To be suitable for exterior automobile use, a paint finish must meet automobile manufacturer's durability standards as well as standards of visual appearance. One important test of visual appearance is referred to as DOI. DOI is a measurement of the clarity of an image reflected by the finished surface. DOI can be measured by any of a number of instruments including the Dorigon Gloss Meter manufactured by Hunterlab, the QMS-BP manufactured by Autospect, and the GLOW-BOX manufactured by I2 R. Weatherability of the finish, measured in part by UV resistance, is also an important factor. In addition, the paint finish must exhibit sufficient elongation at room temperatures to enable application and repositioning of the paint finish to three-dimensional complex substrate surfaces.
Therefore, there is a need in the art for a plastic paint film for application to contoured exterior car body members or panels having both the durability and appearance properties necessary for exterior automobile use and possessing the room temperature elongation necessary to be hand applied and repositioned. In addition, there is a need in the art for a plastic paint film that does not contain PVC polymers.
The present invention provides a sheet material that combines good surface weatherability and hardness with overall good elongation for ease of application, while avoiding the use of plasticized PVC polymers.

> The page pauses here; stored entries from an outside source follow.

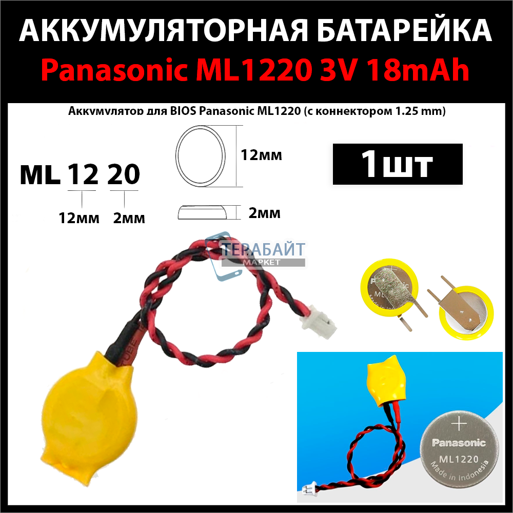 Перезаряжаемая аккумуляторная батарейка BIOS Panasonic ML1220 2 провода + коннектор (фишка 1.25мм) 3V 18mAh для Dell XPS13 9343 9350 9360 9365 9570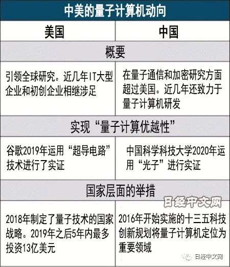 中国与谷歌的主要差异在于技术“方式”。谷歌采用的是通过将物质冷却至极低温度以去掉电阻的“超导”电路来计算的方式。竞争对手美国IBM也采用这种方式,超导方式过去曾是量子计算机开发的主流。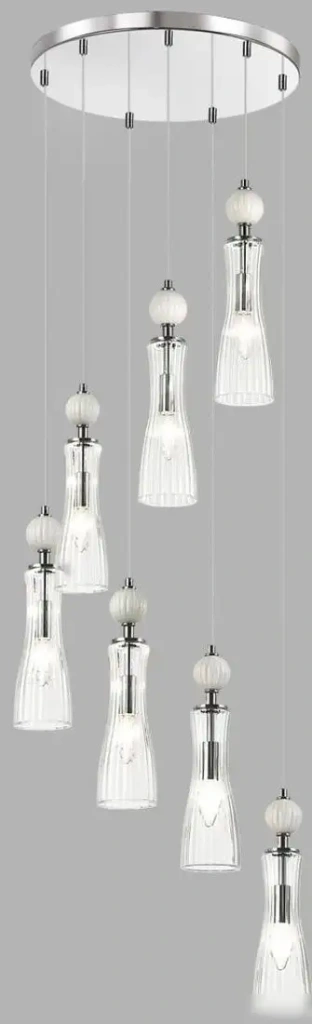подвесная люстра, плафон прозрачный (стекло), каркас серебристый

By constructing the base coat layer of a composition having greater elongation than the clear coat layer, the present invention is able to produce a paint film or decal capable of hand application and repositioning.
The foregoing advantageous characteristics of the invention are achieved by a flexible decorative sheet material, useful as a paint film, comprised of multiple layers. A substantially transparent fluoropolymer clear coat layer is cast, sprayed or coated onto a smooth surfaced film carrier, preferably a PET film carrier, such that the clear coat layer is releasably adhered to the film carrier. A pigmented fluoropolymer base coat layer is then cast, sprayed or coated onto the clear coat layer. A pressure sensitive adhesive layer is coated onto a silicone coated release liner, preferably a PET or polyolefin release liner, such that the pressure sensitive adhesive layer is releasably adhered to one surface of the release liner. The pressure sensitive adhesive layer is then laminated to the undersurface of the pigmented fluoropolymer base coat layer. The base coat layer and the clear coat layer each comprise an alloy of a fluoropolymer composition and an acrylic polymer composition.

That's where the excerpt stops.